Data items
--------

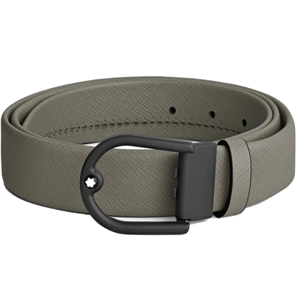 Кожаный ремень 35 мм из кожи серого цвета, пряжка в форме подковы от магазина премиальных ручек Premium Pens в Дербенте.
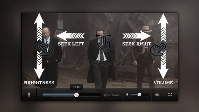 वॉल्यूम, स्क्रीन चमक और प्रगति को नियंत्रित करने के लिए वीडियो स्क्रीन स्लाइडिंग।
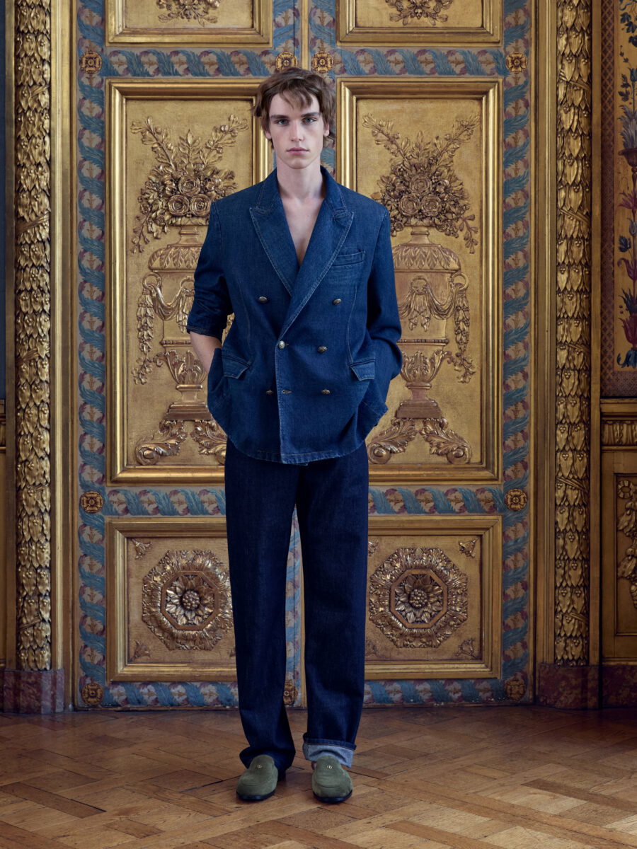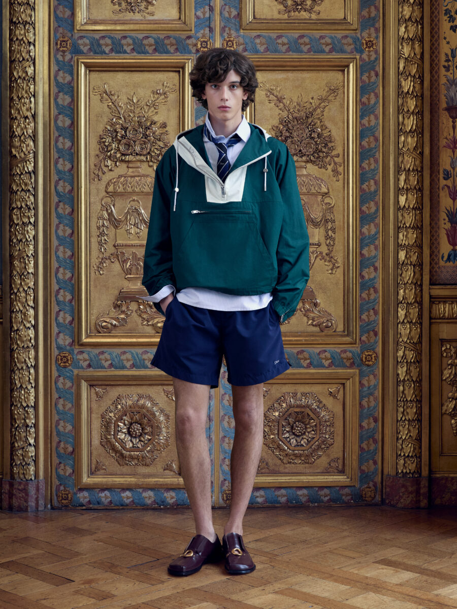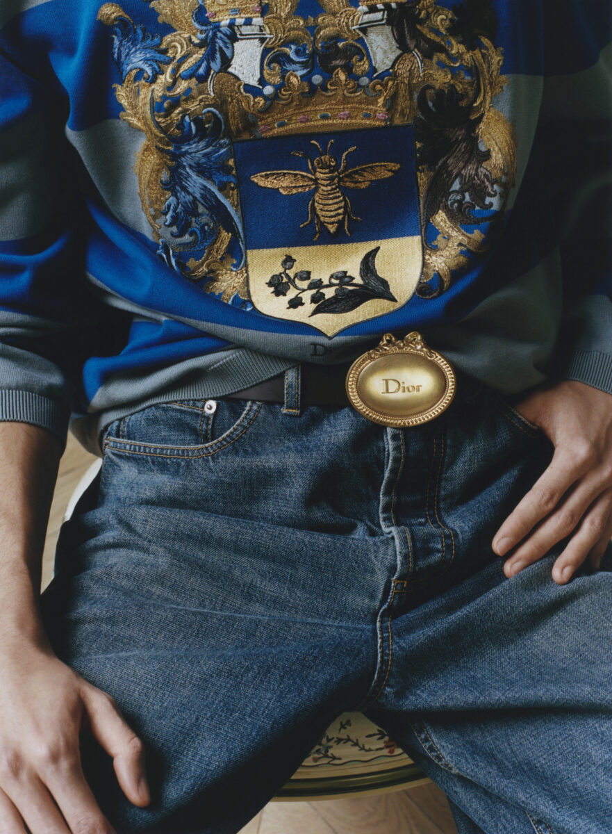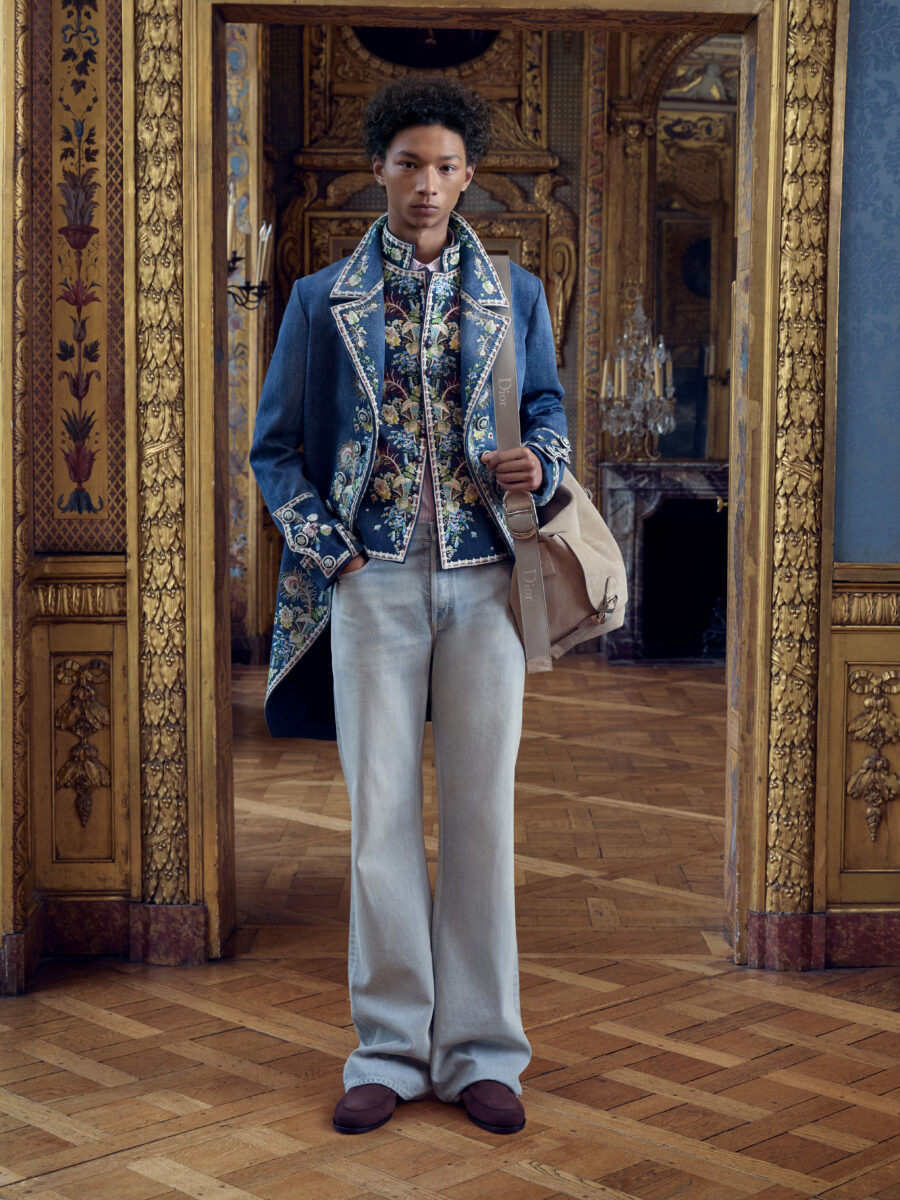 Anderson couldn’t resist, however, the firmer nod to heritage. The Bar jacket is the rite of passage for any Dior creative director. Here, Anderson made it male. Other ties to Mr. Dior surfaceโ a denim tailcoat, Napoleon III chair motifs, heraldic symbolism and voluminous Delft shorts all echoing Dior’s deep reverence of 18th Century and Medieval French design. Dior was also fond of British fabrication, so Donegal tweed shows up across the collection.
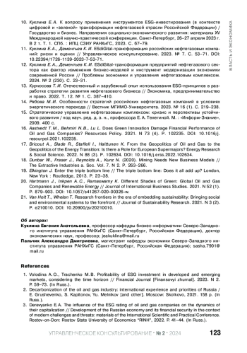 10. Куклина Е. А. К вопросу применения инструментов ESG-инвестирования (в контексте цифровой и “зеленой” трансформации нефтегазовой отрасли Российской Федерации) / Государство и бизнес. Направления социально-экономического развития: материалы XV Международной научно-практической конференции. Санкт-Петербург, 26-27 апреля 2023 г. В 2 т. Т. 1. СПб.: ИПЦ СЗИУ РАНХиГС, 2023. С. 67-79. EDN: LBXIHH
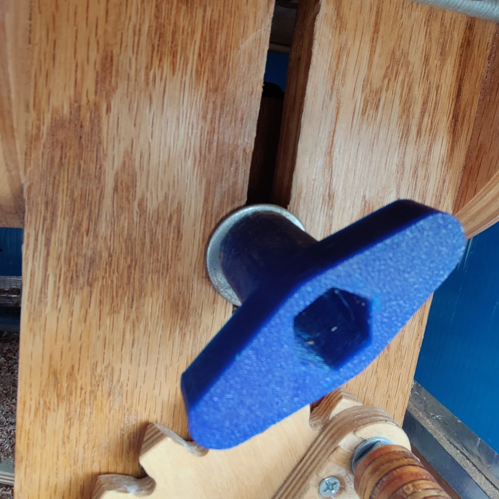 Mẫu núm vặn thiết kế để gắn vừa đai ốc lục giác 1/2 inch hoặc coupler nut. Có thể lắp bằng cách hơ nóng đai ốc để ép chảy vào, hoặc scale nhẹ để interference fit và dán keo CA. Có bản cập nhật 19mm/3/4".
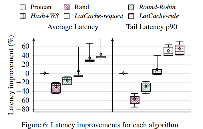 图 6 展示了不同算法相比基线 Protean 在平均延迟和第 90 百分位尾部延迟上的百分比改进情况。标准负载均衡算法 Random 和 Round-Robin 的平均性能比基线差约 20%。缓存感知的 Hash+WS 算法,通过促进请求的共同定位加上简单负载均衡,平均延迟仅提高 4.4%,且方差较高,而尾部延迟提高 9.1%。相比之下,我们的 LatCache-request 和 LatCache-rule 算法在平均延迟和尾部延迟上相较于其他所有算法均有显著提升,相比基线 Protean 尾部延迟提高超过 50%。
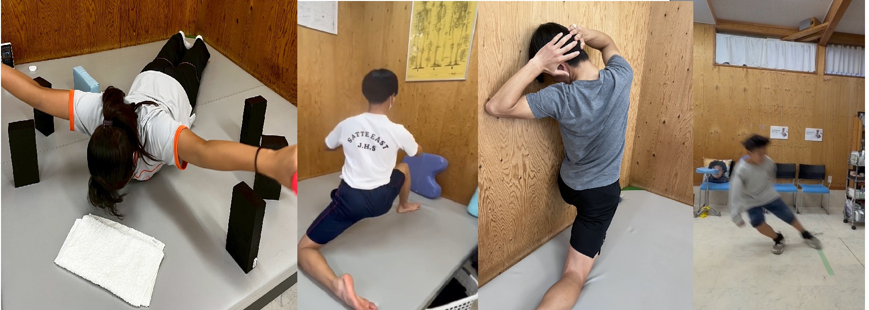 当院では、スポーツ鍼灸、関節可動域の調整、胸郭・骨盤のエクササイズ、動きのクセの分析、テーピング指導などを組み合わせ、

--------

▸ Work instructions: Return the lines exactly as they stand, from the start of the entries through the line holding "Mẫu núm vặn"; omit the pictures.

▸ Solution below:
 Кожаный ремень 35 мм из кожи серого цвета, пряжка в форме подковы от магазина премиальных ручек Premium Pens в Дербенте.
 वॉल्यूम, स्क्रीन चमक और प्रगति को नियंत्रित करने के लिए वीडियो स्क्रीन स्लाइडिंग।
 Anderson couldn’t resist, however, the firmer nod to heritage. The Bar jacket is the rite of passage for any Dior creative director. Here, Anderson made it male. Other ties to Mr. Dior surfaceโ a denim tailcoat, Napoleon III chair motifs, heraldic symbolism and voluminous Delft shorts all echoing Dior’s deep reverence of 18th Century and Medieval French design. Dior was also fond of British fabrication, so Donegal tweed shows up across the collection.
 10. Куклина Е. А. К вопросу применения инструментов ESG-инвестирования (в контексте цифровой и “зеленой” трансформации нефтегазовой отрасли Российской Федерации) / Государство и бизнес. Направления социально-экономического развития: материалы XV Международной научно-практической конференции. Санкт-Петербург, 26-27 апреля 2023 г. В 2 т. Т. 1. СПб.: ИПЦ СЗИУ РАНХиГС, 2023. С. 67-79. EDN: LBXIHH
 Mẫu núm vặn thiết kế để gắn vừa đai ốc lục giác 1/2 inch hoặc coupler nut. Có thể lắp bằng cách hơ nóng đai ốc để ép chảy vào, hoặc scale nhẹ để interference fit và dán keo CA. Có bản cập nhật 19mm/3/4".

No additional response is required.